Pues WILPF es una organización de mujeres pacifistas que acaba de cumplir cien años. Y es bastante desconocida porque su lengua de contacto es el inglés.

La palabra WILPF está compuesta con las siglas de Women’s International League for Peace and Freedom. Que, por cierto, resulta casi impronunciable en español.

Esta organización centenaria ha desarrollado una gran actividad en los países anglosajones, pero poca en España. Precisamente, para acercarla al mundo hispano parlante, las secciones latinoamericanas proponen llamarla LIMPAL (Liga Internacional de Mujeres por la Paz y la Libertad); que haya traducciones simultáneas en los encuentros; y que los documentos sean bilingües.
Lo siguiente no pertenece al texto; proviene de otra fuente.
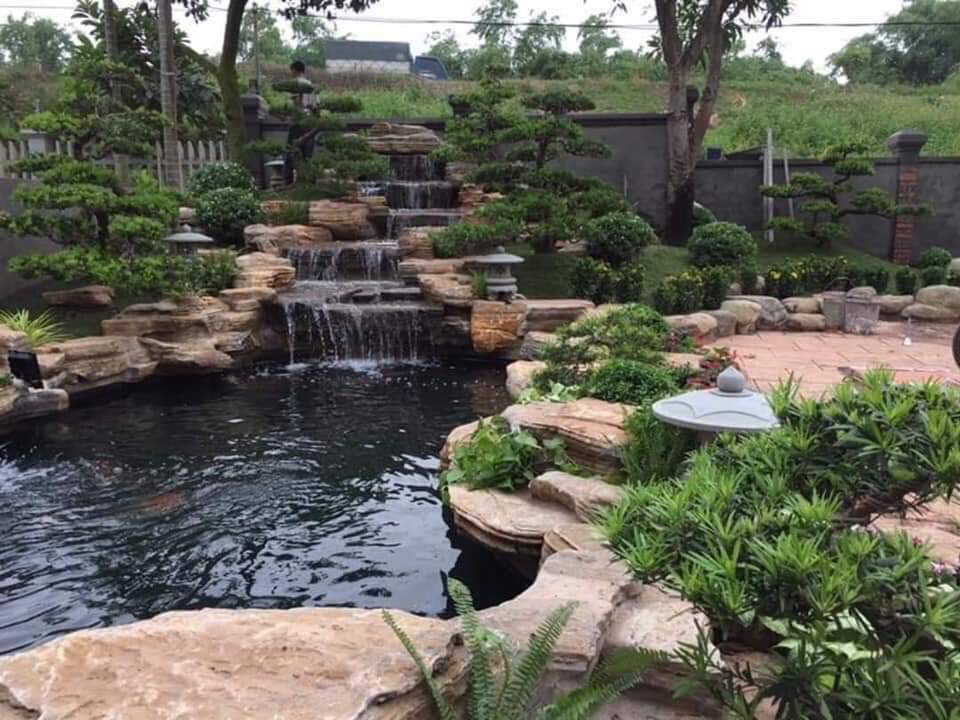 Hồ cá koi lúc về đêm sẽ khiến nhiều người ngạc nhiên bởi vẻ đẹp được nâng tầm khi kết hợp với hệ thống ánh sáng lung linh, huyền ảo. Và một yếu tố nữa giúp công trình thêm phần nổi bật là cách trang trí xung quanh hồ cá rất bắt mắt. Con đường dẫn đến hồ được trải sỏi và lát đá bazan sạch sẽ, chắc chắn. Một điểm nhấn của dự án ở góc trong của hồ là mẫu hòn non bộ cỡ nhỏ với dòng thác nước nối tiếp nhau. Thác nước này có nhiệm vụ tuần hoàn nước cho hồ cá và tạo nên âm thanh sống động, khá vui tai. Ngoài ra vẻ đẹp lấp lánh huyền ảo phản chiếu dưới hồ được từ 2 chiếc đèn đá khiến chúng ta cũng không thể rời mắt khỏi không gian này.
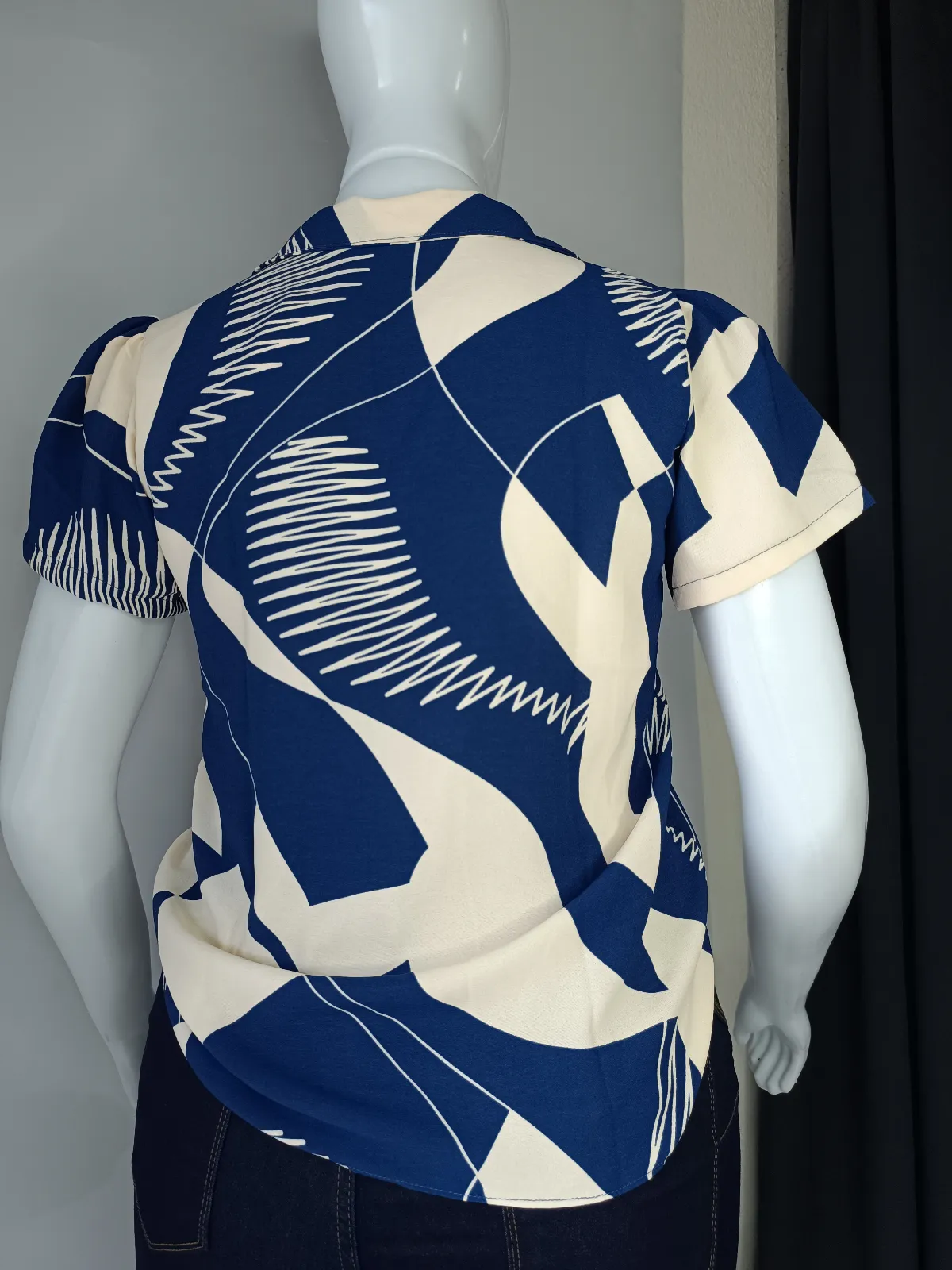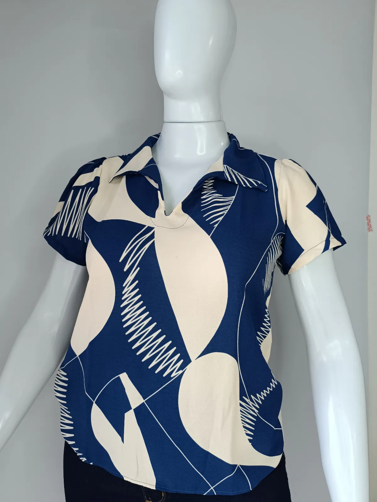 Tam M- blusa com gola TECIDO 100% viscose ( tecido não amassa) nude e azul estampado/ codfe462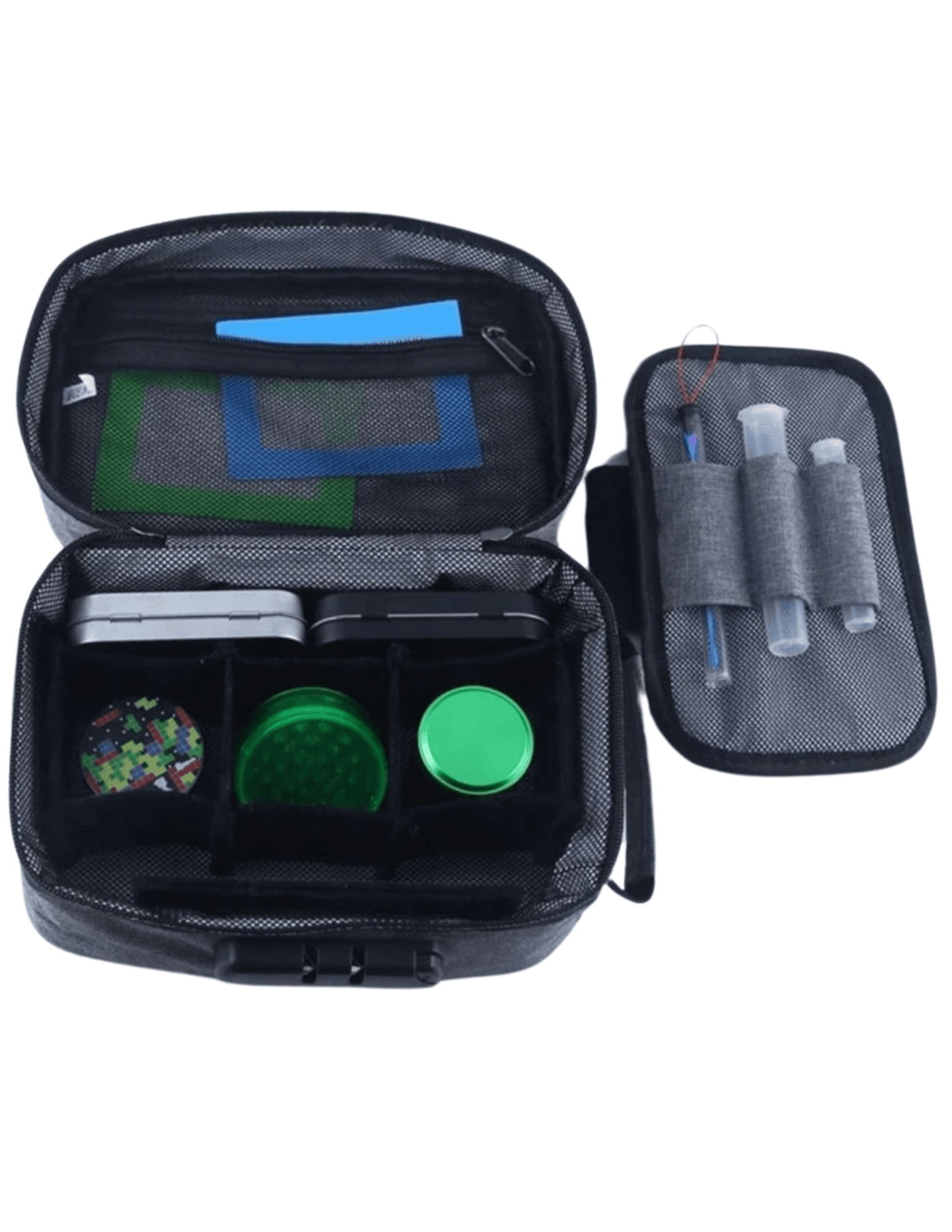 9 INCH PORTABLE BAG WITH MULTIPLE SECTION, HANDLE, AND LOCK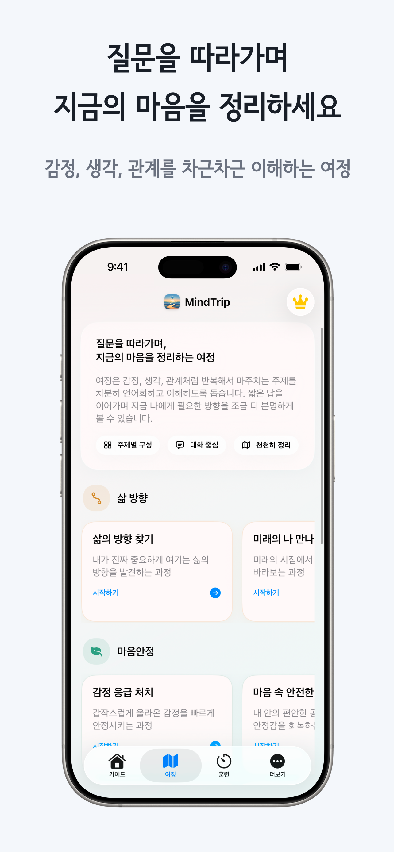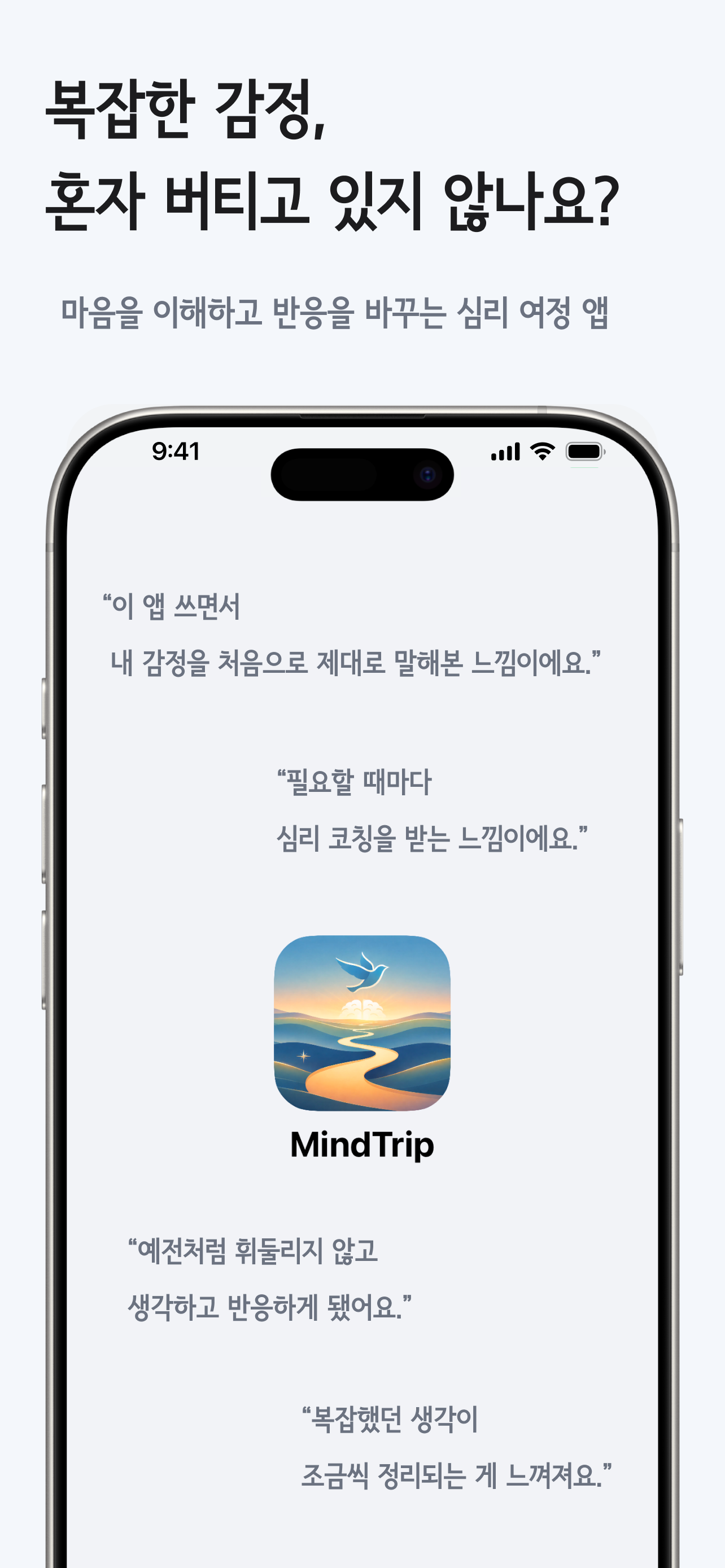MindTrip은 대화와 심리 스킬 훈련으로 당신의 마음을 함께 정리합니다.

Orígenes y primeros años de WILPF

Nació en 1915, en plena Guerra Mundial, durante un congreso en La Haya (Holanda) que se había convocado exprofeso para su fundación. En abril de 2015, se celebró otro congreso en el mismo lugar para conmemorar su centenario.

Esta Liga de mujeres, en los años 20, se consolidó y comenzó su difusión. Se pusieron en marcha algunos programas para llevar a cabo sus primeras actividades importantes: negociaciones para parar la guerra, movimientos antiarmamentísticos, “misiones” a los lugares en conflicto, presiones ante la Sociedad de Naciones, entre otras.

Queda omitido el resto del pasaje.